**What you should do**
Everything in the data except the pictures belongs in your answer, copied exactly.

**Dataset extract**
☆ ☆ ☆ ☆

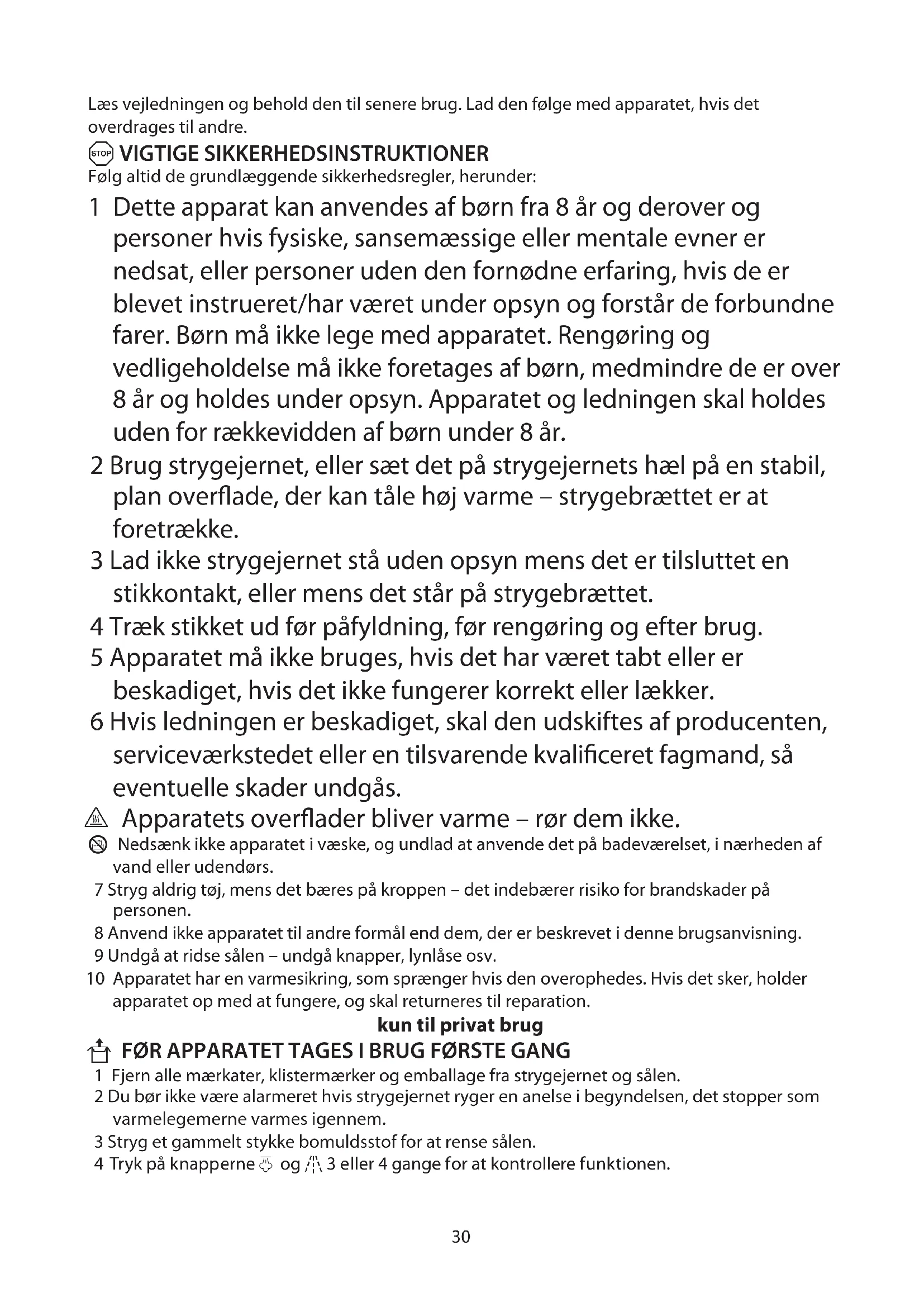 Følg altid de grundlæggende sikkerhedsregler, herunder: 1 Dette apparat kan anvendes af børn fra 8 år og derover og personer hvis fysiske, sansemæssige eller mentale evner er nedsat, eller personer uden den fornødne erfaring, hvis de er blevet instrueret/har været under opsyn og forstår de forbundne farer. Børn må ikke lege med apparatet. Rengøring og vedligeholdelse må ikke foretages af børn, medmindre de er over 8 år og holdes under opsyn. Apparatet og ledningen skal holdes uden for rækkevidden af børn under 8 år. 2 Brug strygejernet, eller sæt det på strygejernets hæl på en stabil, plan overflade, der kan tåle høj varme – strygebrættet er at foretrække. 3 Lad ikke strygejernet stå uden opsyn mens det er tilsluttet en stikkontakt, eller mens det står på strygebrættet. 4 Træk stikket ud før påfyldning, før rengøring og efter brug. 5 Apparatet må ikke bruges, hvis det har været tabt eller er beskadiget, hvis det ikke fungerer korrekt eller lækker. 6 Hvis ledningen er beskadiget, skal den udskiftes af producenten, serviceværkstedet eller en tilsvarende kvalificeret fagmand, så eventuelle skader undgås. ¬ Apparatets overflader bliver varme – rør dem ikke. H Nedsænk ikke apparatet i væske, og undlad at anvende det på badeværelset, i nærheden af vand eller udendørs. 7 Stryg aldrig tøj, mens det bæres på kroppen – det indebærer risiko for brandskader på personen. 8 Anvend ikke apparatet til andre formål end dem, der er beskrevet i denne brugsanvisning. 9 Undgå at ridse sålen – undgå knapper, lynlåse osv. 10 Apparatet har en varmesikring, som sprænger hvis den overophedes. Hvis det sker, holder apparatet op med at fungere, og skal returneres til reparation. kun til privat brug U FØR APPARATET TAGES I BRUG FØRSTE GANG 1 Fjern alle mærkater, klistermærker og emballage fra strygejernet og sålen. 2 Du bør ikke være alarmeret hvis strygejernet ryger en anelse i begyndelsen, det stopper som varmelegemerne varmes igennem. 3 Stryg et gammelt stykke bomuldsstof for at rense sålen. 4 Tryk på knapperne S og * 3 eller 4 gange for at kontrollere funktionen.31 brugsanvisning C FORBEREDELSE 5 Tjek tøjet for strygesymboler (i j k l). 6 Stryg først materialer der kræver lave temperaturer j, derefter de som kræver medium temperaturer k, og slut af med de der kræver høje temperaturer l.
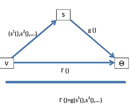- механизма . Исходя профиля предпочтения из множества агент выбирает стратегии , которые имеют равновесие, подмножество . Функция исходов имеет равновесные стратегии на множество социальных состояний . Часть равновесий (все — при полной реализации) приводит к социальному состоянию .
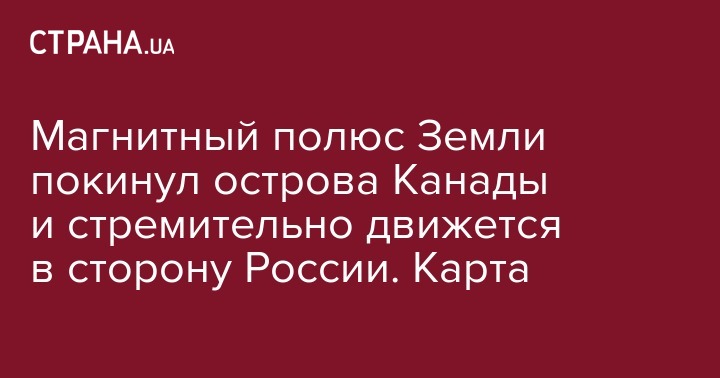 Магнитный полюс Земли покинул острова Канады и стремительно движется в сторону России. Карта
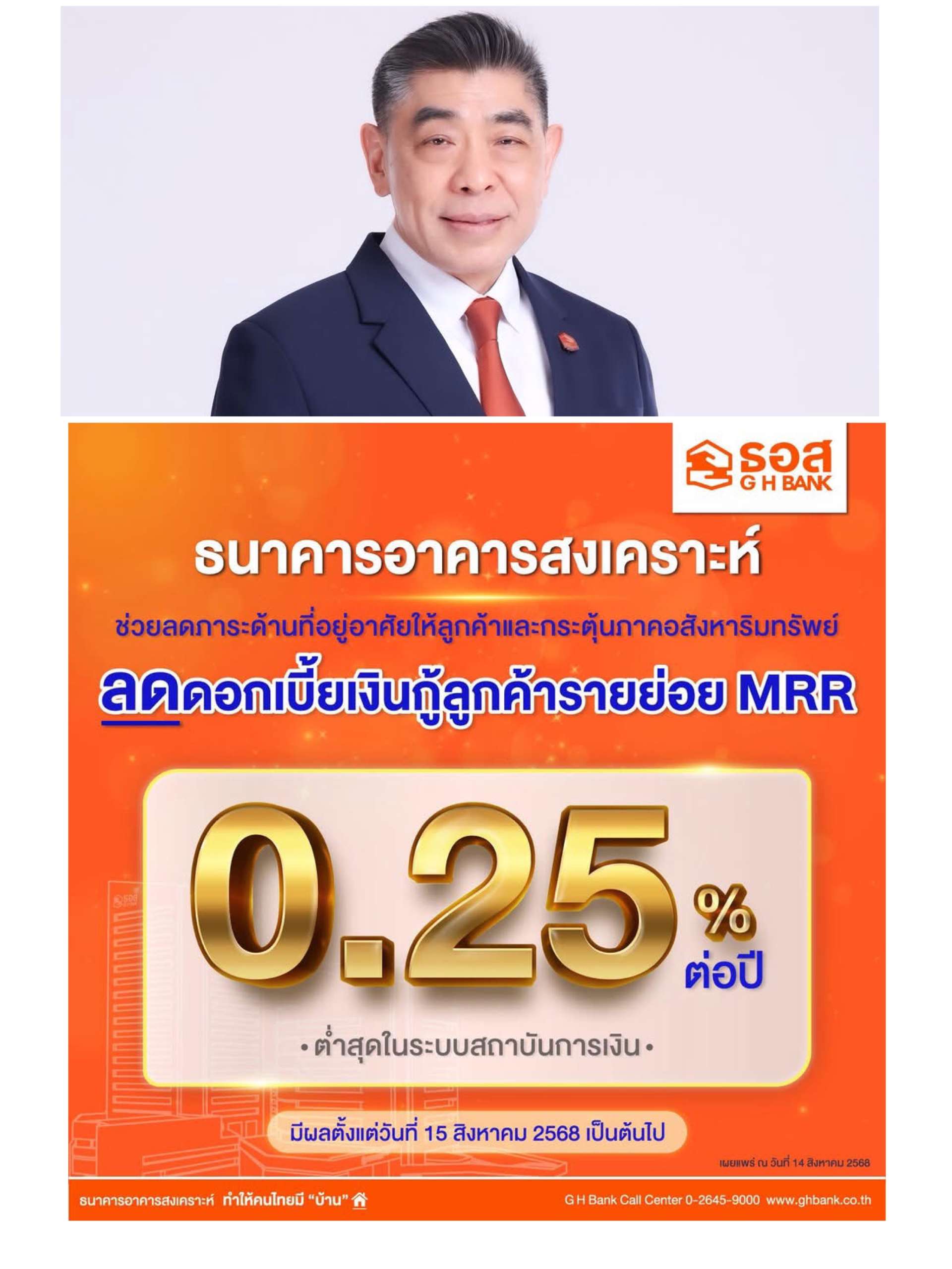 นายกมลภพ วีระพละ กรรมการผู้จัดการธนาคารอาคารสงเคราะห์ (ธอส.) เปิดเผยว่า ตามที่คณะกรรมการนโยบายการเงิน (กนง.) มีมติปรับลดอัตราดอกเบี้ยนโยบาย 0.25% ต่อปี จาก 1.75% ต่อปี เป็น 1.50% ต่อปี เมื่อวันที่ 13 สิงหาคม 2568 ธอส. พร้อมเป็นส่วนหนึ่งในการช่วยลดภาระด้านที่อยู่อาศัยให้ลูกค้าและขับเคลื่อนภาคอสังหาริมทรัพย์ของประเทศ จึงปรับลดอัตราดอกเบี้ยเงินกู้ลูกค้ารายย่อยชั้นดี (MRR) 0.25% ต่อปี จากปัจจุบัน 6.495% ต่อปี เป็น 6.245% ต่อปี โดยให้มีผลตั้งแต่วันที่ 15 สิงหาคม 2568 เป็นต้นไป ส่งผลให้ปัจจุบันอัตราดอกเบี้ย MRR ของ ธอส. ยังคงอยู่ในระดับต่ำสุดเมื่อเทียบกับธนาคารพาณิชย์และสถาบันการเงินของรัฐอื่น

☆ ☆ ☆ ☆

**Answer**
 Følg altid de grundlæggende sikkerhedsregler, herunder: 1 Dette apparat kan anvendes af børn fra 8 år og derover og personer hvis fysiske, sansemæssige eller mentale evner er nedsat, eller personer uden den fornødne erfaring, hvis de er blevet instrueret/har været under opsyn og forstår de forbundne farer. Børn må ikke lege med apparatet. Rengøring og vedligeholdelse må ikke foretages af børn, medmindre de er over 8 år og holdes under opsyn. Apparatet og ledningen skal holdes uden for rækkevidden af børn under 8 år. 2 Brug strygejernet, eller sæt det på strygejernets hæl på en stabil, plan overflade, der kan tåle høj varme – strygebrættet er at foretrække. 3 Lad ikke strygejernet stå uden opsyn mens det er tilsluttet en stikkontakt, eller mens det står på strygebrættet. 4 Træk stikket ud før påfyldning, før rengøring og efter brug. 5 Apparatet må ikke bruges, hvis det har været tabt eller er beskadiget, hvis det ikke fungerer korrekt eller lækker. 6 Hvis ledningen er beskadiget, skal den udskiftes af producenten, serviceværkstedet eller en tilsvarende kvalificeret fagmand, så eventuelle skader undgås. ¬ Apparatets overflader bliver varme – rør dem ikke. H Nedsænk ikke apparatet i væske, og undlad at anvende det på badeværelset, i nærheden af vand eller udendørs. 7 Stryg aldrig tøj, mens det bæres på kroppen – det indebærer risiko for brandskader på personen. 8 Anvend ikke apparatet til andre formål end dem, der er beskrevet i denne brugsanvisning. 9 Undgå at ridse sålen – undgå knapper, lynlåse osv. 10 Apparatet har en varmesikring, som sprænger hvis den overophedes. Hvis det sker, holder apparatet op med at fungere, og skal returneres til reparation. kun til privat brug U FØR APPARATET TAGES I BRUG FØRSTE GANG 1 Fjern alle mærkater, klistermærker og emballage fra strygejernet og sålen. 2 Du bør ikke være alarmeret hvis strygejernet ryger en anelse i begyndelsen, det stopper som varmelegemerne varmes igennem. 3 Stryg et gammelt stykke bomuldsstof for at rense sålen. 4 Tryk på knapperne S og * 3 eller 4 gange for at kontrollere funktionen.31 brugsanvisning C FORBEREDELSE 5 Tjek tøjet for strygesymboler (i j k l). 6 Stryg først materialer der kræver lave temperaturer j, derefter de som kræver medium temperaturer k, og slut af med de der kræver høje temperaturer l.
- механизма . Исходя профиля предпочтения из множества агент выбирает стратегии , которые имеют равновесие, подмножество . Функция исходов имеет равновесные стратегии на множество социальных состояний . Часть равновесий (все — при полной реализации) приводит к социальному состоянию .
 Магнитный полюс Земли покинул острова Канады и стремительно движется в сторону России. Карта
 นายกมลภพ วีระพละ กรรมการผู้จัดการธนาคารอาคารสงเคราะห์ (ธอส.) เปิดเผยว่า ตามที่คณะกรรมการนโยบายการเงิน (กนง.) มีมติปรับลดอัตราดอกเบี้ยนโยบาย 0.25% ต่อปี จาก 1.75% ต่อปี เป็น 1.50% ต่อปี เมื่อวันที่ 13 สิงหาคม 2568 ธอส. พร้อมเป็นส่วนหนึ่งในการช่วยลดภาระด้านที่อยู่อาศัยให้ลูกค้าและขับเคลื่อนภาคอสังหาริมทรัพย์ของประเทศ จึงปรับลดอัตราดอกเบี้ยเงินกู้ลูกค้ารายย่อยชั้นดี (MRR) 0.25% ต่อปี จากปัจจุบัน 6.495% ต่อปี เป็น 6.245% ต่อปี โดยให้มีผลตั้งแต่วันที่ 15 สิงหาคม 2568 เป็นต้นไป ส่งผลให้ปัจจุบันอัตราดอกเบี้ย MRR ของ ธอส. ยังคงอยู่ในระดับต่ำสุดเมื่อเทียบกับธนาคารพาณิชย์และสถาบันการเงินของรัฐอื่น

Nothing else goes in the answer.